### TRY IT
No pictures belong in the result; set down exactly the lines from the one containing "Beautiful Greenwich black" through the final line of the listing, and nothing more.

### DATASET SECTION
==========

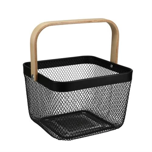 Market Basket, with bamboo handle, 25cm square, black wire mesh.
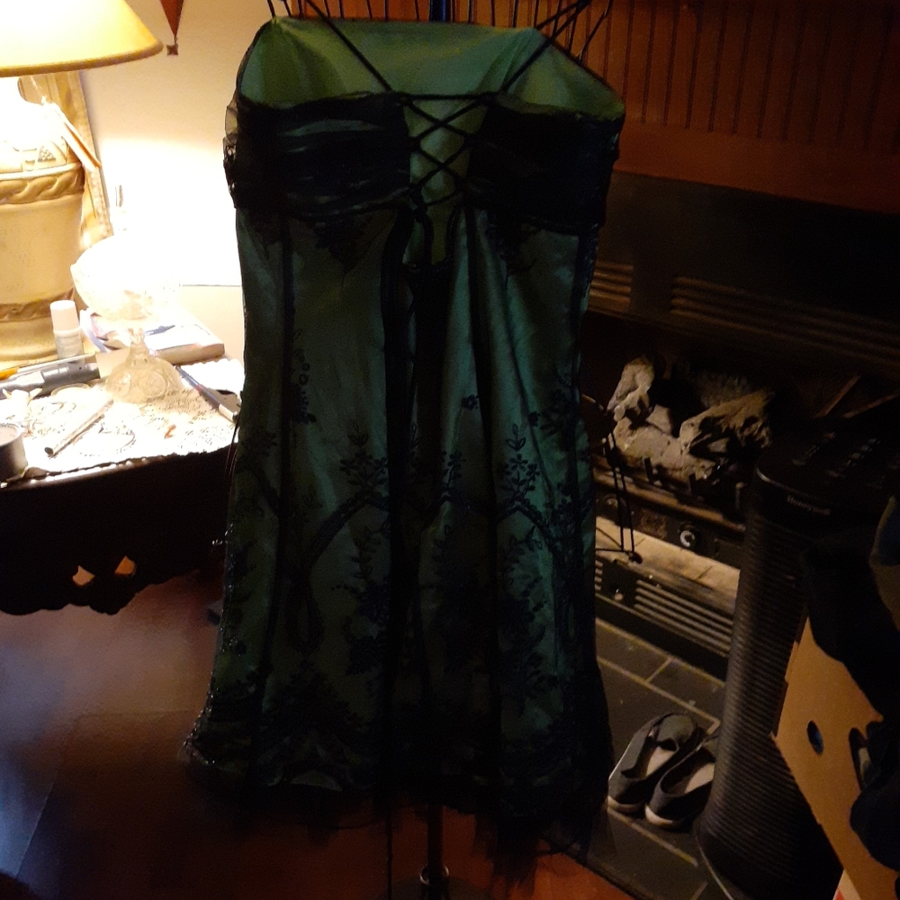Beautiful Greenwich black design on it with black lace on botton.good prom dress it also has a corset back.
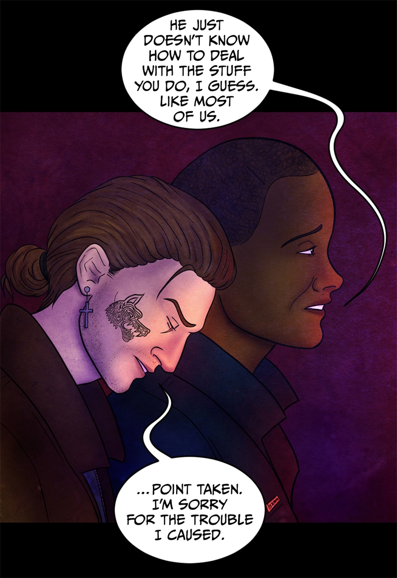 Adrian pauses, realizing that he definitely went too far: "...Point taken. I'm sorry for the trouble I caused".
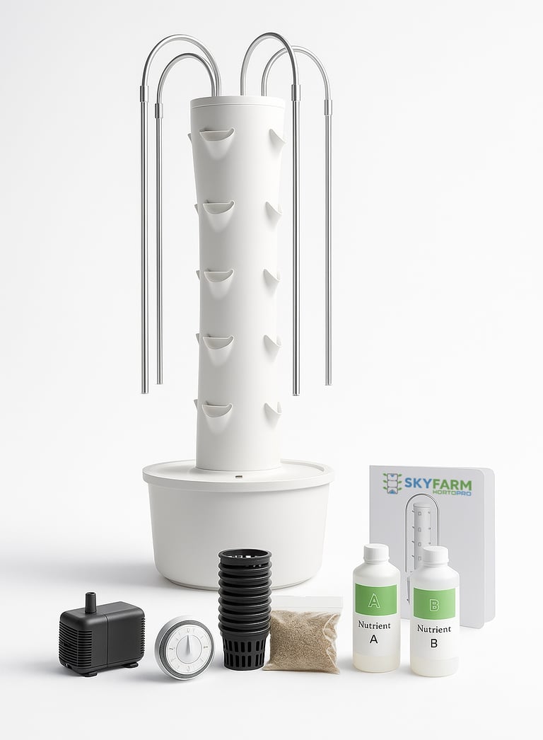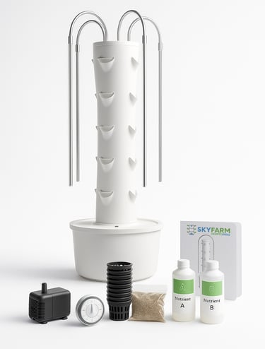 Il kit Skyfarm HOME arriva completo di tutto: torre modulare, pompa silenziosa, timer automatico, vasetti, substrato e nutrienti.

==========

### EXERCISE RESULT
Beautiful Greenwich black design on it with black lace on botton.good prom dress it also has a corset back.
 Adrian pauses, realizing that he definitely went too far: "...Point taken. I'm sorry for the trouble I caused".
 Il kit Skyfarm HOME arriva completo di tutto: torre modulare, pompa silenziosa, timer automatico, vasetti, substrato e nutrienti.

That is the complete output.